START RECORDS TO PROCESS
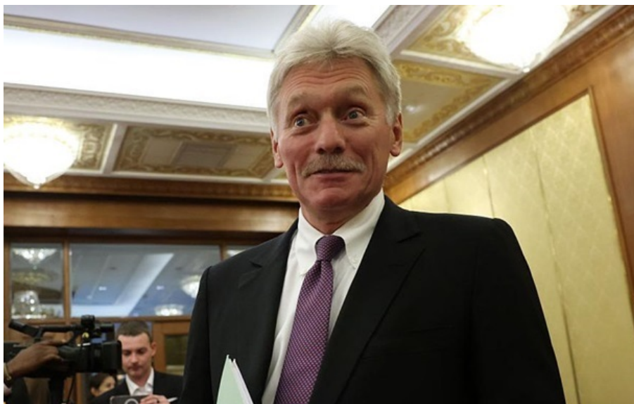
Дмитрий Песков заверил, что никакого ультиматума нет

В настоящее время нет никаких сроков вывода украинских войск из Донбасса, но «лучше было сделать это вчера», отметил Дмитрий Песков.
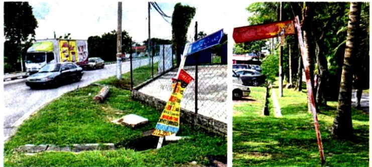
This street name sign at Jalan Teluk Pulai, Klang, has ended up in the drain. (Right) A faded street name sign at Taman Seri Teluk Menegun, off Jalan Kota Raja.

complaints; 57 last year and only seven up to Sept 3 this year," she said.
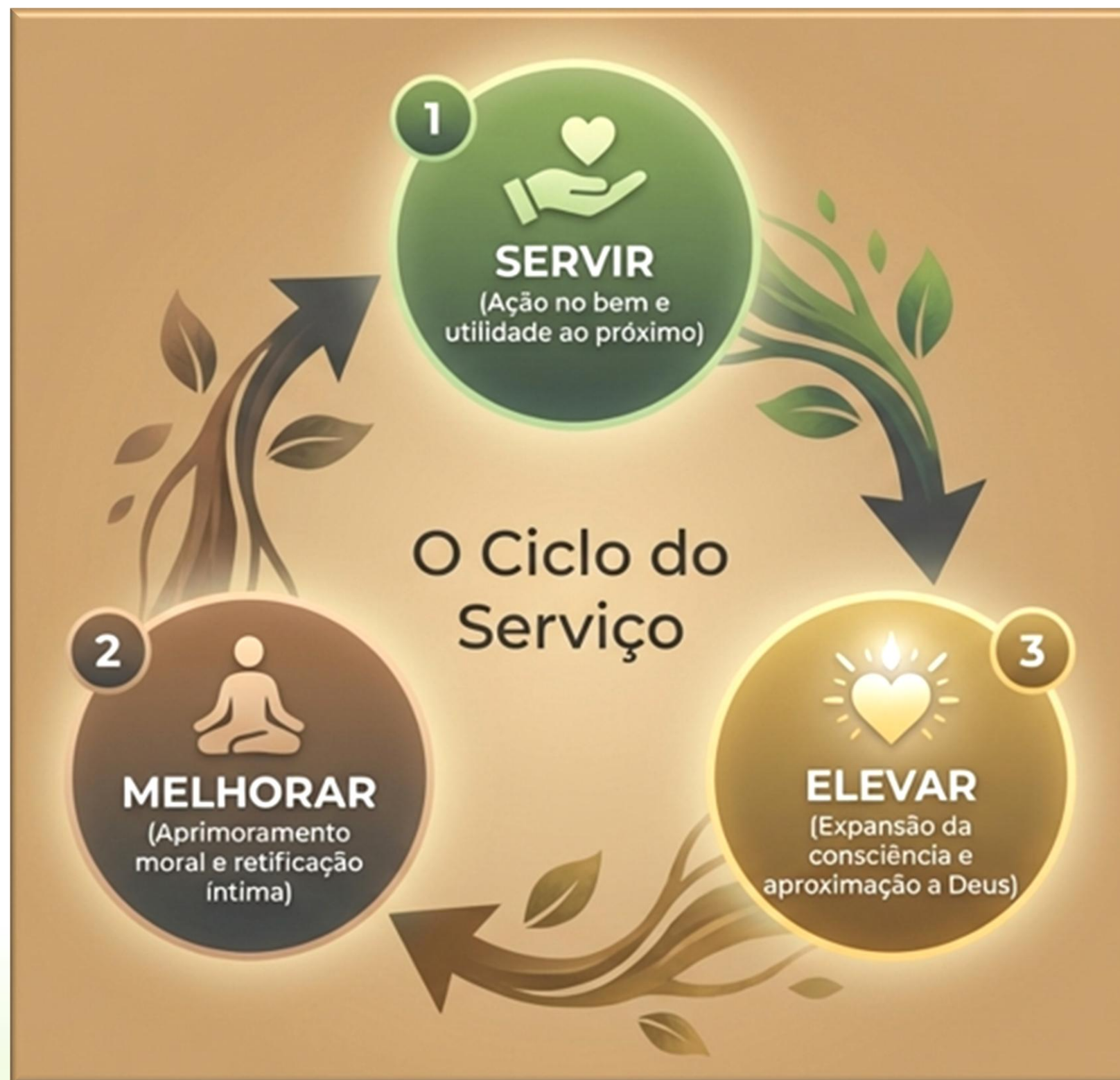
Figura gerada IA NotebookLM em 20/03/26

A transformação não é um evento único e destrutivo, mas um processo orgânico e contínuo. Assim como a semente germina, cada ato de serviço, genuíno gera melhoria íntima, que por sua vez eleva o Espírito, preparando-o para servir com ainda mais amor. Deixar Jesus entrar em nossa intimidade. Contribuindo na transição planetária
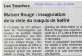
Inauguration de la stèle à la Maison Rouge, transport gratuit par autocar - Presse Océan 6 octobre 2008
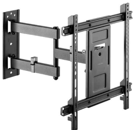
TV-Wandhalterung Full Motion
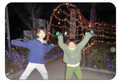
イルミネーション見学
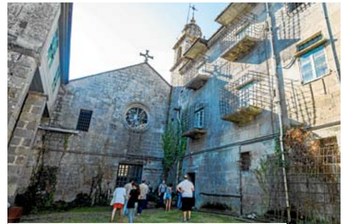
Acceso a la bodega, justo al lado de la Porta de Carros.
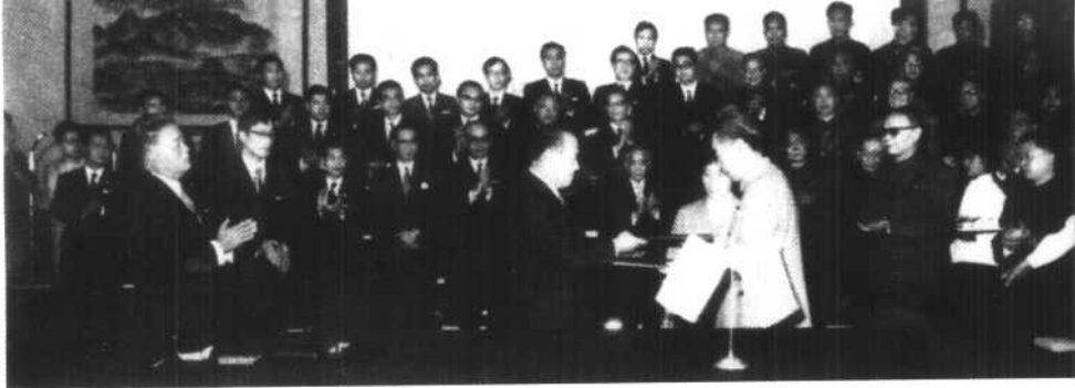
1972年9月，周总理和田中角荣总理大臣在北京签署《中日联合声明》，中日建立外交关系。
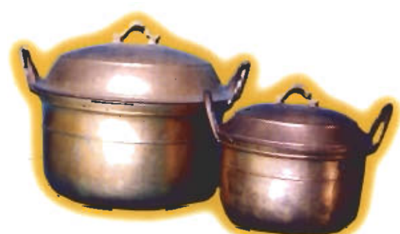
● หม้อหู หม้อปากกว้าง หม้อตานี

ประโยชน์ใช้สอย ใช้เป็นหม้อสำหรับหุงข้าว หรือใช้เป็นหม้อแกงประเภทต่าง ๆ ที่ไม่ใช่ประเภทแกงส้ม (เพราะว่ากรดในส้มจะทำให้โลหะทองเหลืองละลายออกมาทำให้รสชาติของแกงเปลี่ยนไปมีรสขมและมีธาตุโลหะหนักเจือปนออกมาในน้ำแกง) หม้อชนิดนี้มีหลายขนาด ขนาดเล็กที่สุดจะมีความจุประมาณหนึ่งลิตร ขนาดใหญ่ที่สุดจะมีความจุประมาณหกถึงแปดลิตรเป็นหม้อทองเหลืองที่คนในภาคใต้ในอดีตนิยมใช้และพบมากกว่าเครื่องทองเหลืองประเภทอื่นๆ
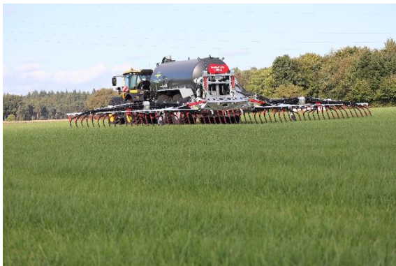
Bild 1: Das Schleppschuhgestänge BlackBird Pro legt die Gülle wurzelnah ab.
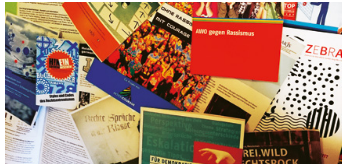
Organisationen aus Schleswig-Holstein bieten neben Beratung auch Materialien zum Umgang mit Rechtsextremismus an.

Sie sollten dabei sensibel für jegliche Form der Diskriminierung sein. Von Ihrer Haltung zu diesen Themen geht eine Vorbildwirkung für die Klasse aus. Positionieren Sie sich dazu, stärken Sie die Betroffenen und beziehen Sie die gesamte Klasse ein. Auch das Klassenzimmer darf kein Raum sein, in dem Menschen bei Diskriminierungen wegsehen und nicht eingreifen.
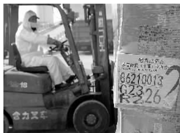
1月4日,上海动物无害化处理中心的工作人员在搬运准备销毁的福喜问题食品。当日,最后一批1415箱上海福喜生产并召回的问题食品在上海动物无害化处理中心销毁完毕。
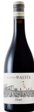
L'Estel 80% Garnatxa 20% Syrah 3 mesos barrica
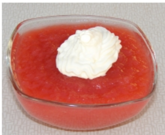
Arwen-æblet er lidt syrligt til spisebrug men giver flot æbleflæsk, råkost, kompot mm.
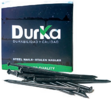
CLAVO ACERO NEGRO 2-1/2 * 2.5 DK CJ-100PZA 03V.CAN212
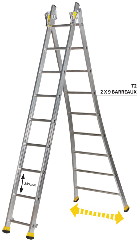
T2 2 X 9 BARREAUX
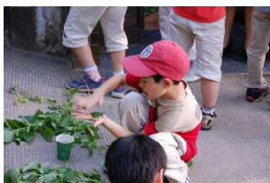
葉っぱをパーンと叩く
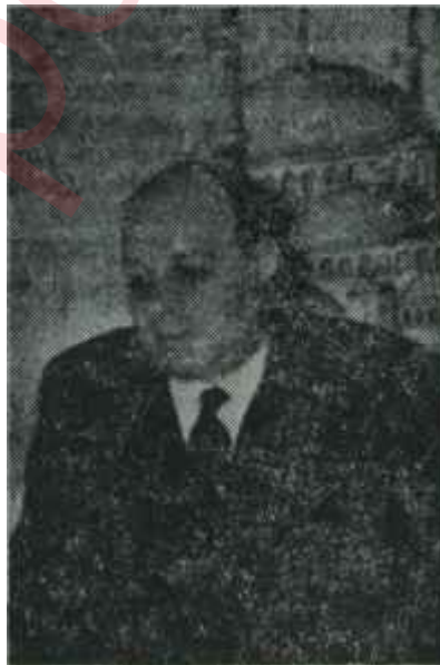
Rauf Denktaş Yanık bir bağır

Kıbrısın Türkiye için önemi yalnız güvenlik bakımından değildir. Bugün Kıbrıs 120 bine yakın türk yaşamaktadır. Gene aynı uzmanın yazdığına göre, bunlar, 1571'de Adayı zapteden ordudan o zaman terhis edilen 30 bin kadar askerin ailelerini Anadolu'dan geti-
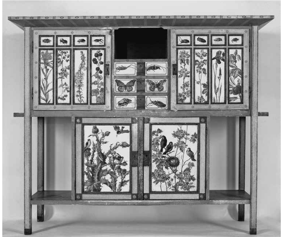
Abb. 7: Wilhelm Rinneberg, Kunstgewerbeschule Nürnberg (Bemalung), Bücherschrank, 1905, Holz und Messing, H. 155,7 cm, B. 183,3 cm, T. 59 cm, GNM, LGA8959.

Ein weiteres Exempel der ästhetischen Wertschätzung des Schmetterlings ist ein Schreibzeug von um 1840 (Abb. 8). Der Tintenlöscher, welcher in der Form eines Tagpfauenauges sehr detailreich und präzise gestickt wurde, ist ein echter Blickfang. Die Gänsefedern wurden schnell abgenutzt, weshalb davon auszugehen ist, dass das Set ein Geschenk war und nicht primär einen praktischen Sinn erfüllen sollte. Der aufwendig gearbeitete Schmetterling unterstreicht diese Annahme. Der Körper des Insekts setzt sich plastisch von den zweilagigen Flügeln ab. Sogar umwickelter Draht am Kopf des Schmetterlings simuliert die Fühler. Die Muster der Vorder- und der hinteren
END RECORDS TO PROCESS
* EXERCISE: Give, as a single number, the count of lines in the material above that contain the string "Песков".

* SOLUTION FOR THIS TASK: 2